:: Exercise goal ::
Every line from the one with "Sundance Black Velvet" to the end of the listing below must be printed exactly, with no other text and no pictures.

:: Dataset excerpt ::

________________________

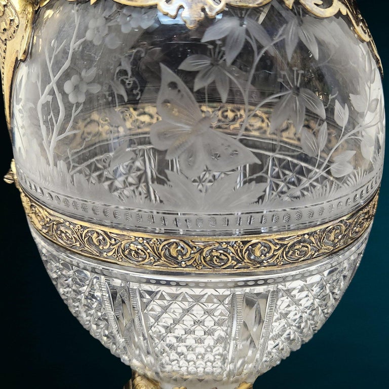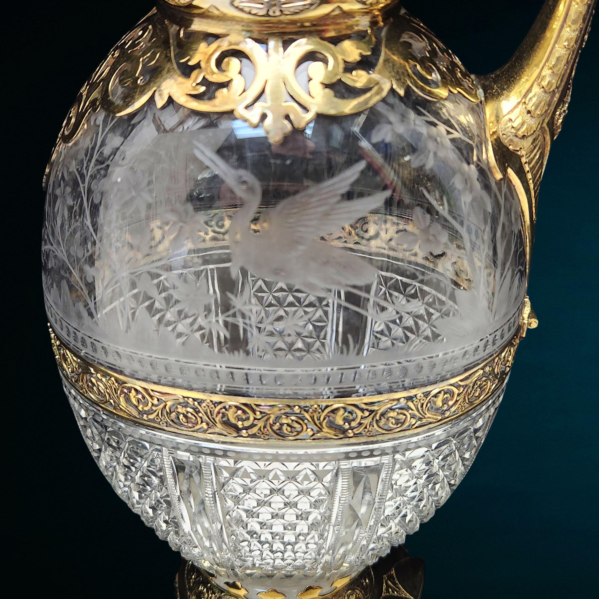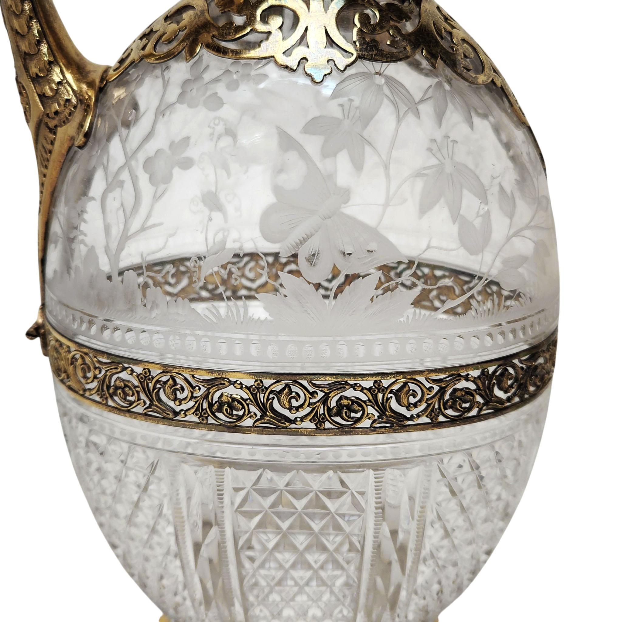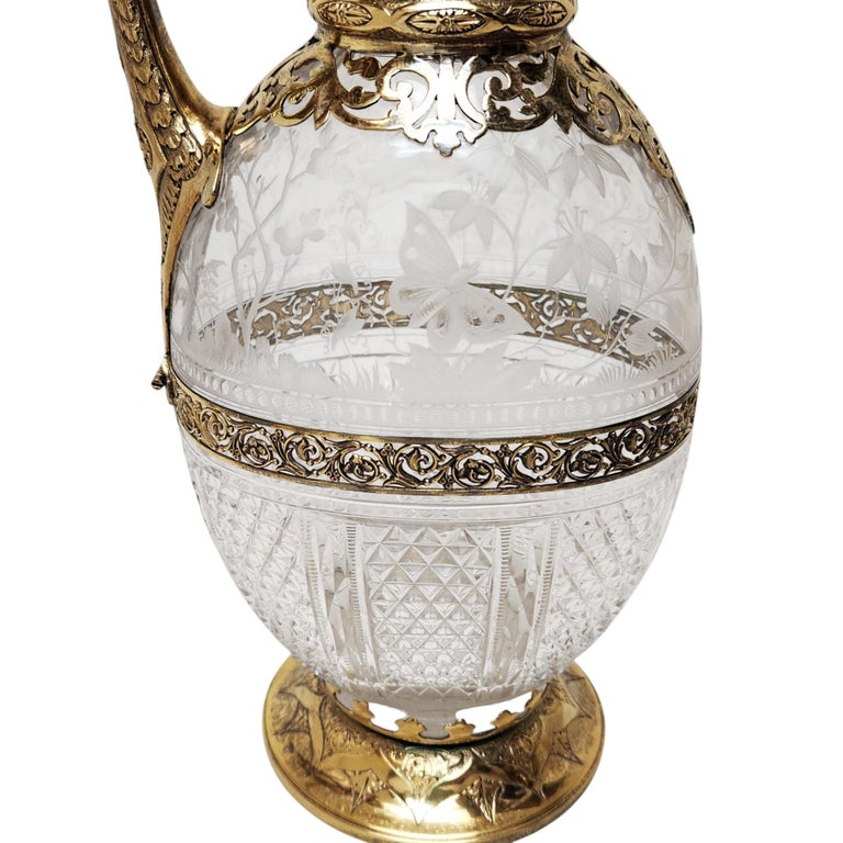 A fine and decorative matched pair of Victorian silver-gilt mounted Claret Jugs, combining richly chased metalwork with beautifully cut and engraved clear glass bodies. The ovoid glass bodies are divided into two distinct decorative area divided by a decorative pierced band. The upper section features delicate naturalistic etching depicting birds among foliage and flowering plants, whilst the lower portion is dressed in bold hobnail and fan-cut diamond patterns, catching the light with exceptional brilliance.
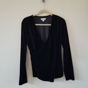 Sundance Black Velvet Faux Wrap Surplice Long Sleeve Top Womens Large
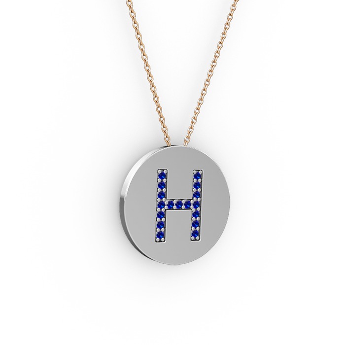 Lab safir 14 ayar beyaz altın kolye (40 cm gümüş rolo zincir)

________________________

:: Response to this task ::
 Sundance Black Velvet Faux Wrap Surplice Long Sleeve Top Womens Large
 Lab safir 14 ayar beyaz altın kolye (40 cm gümüş rolo zincir)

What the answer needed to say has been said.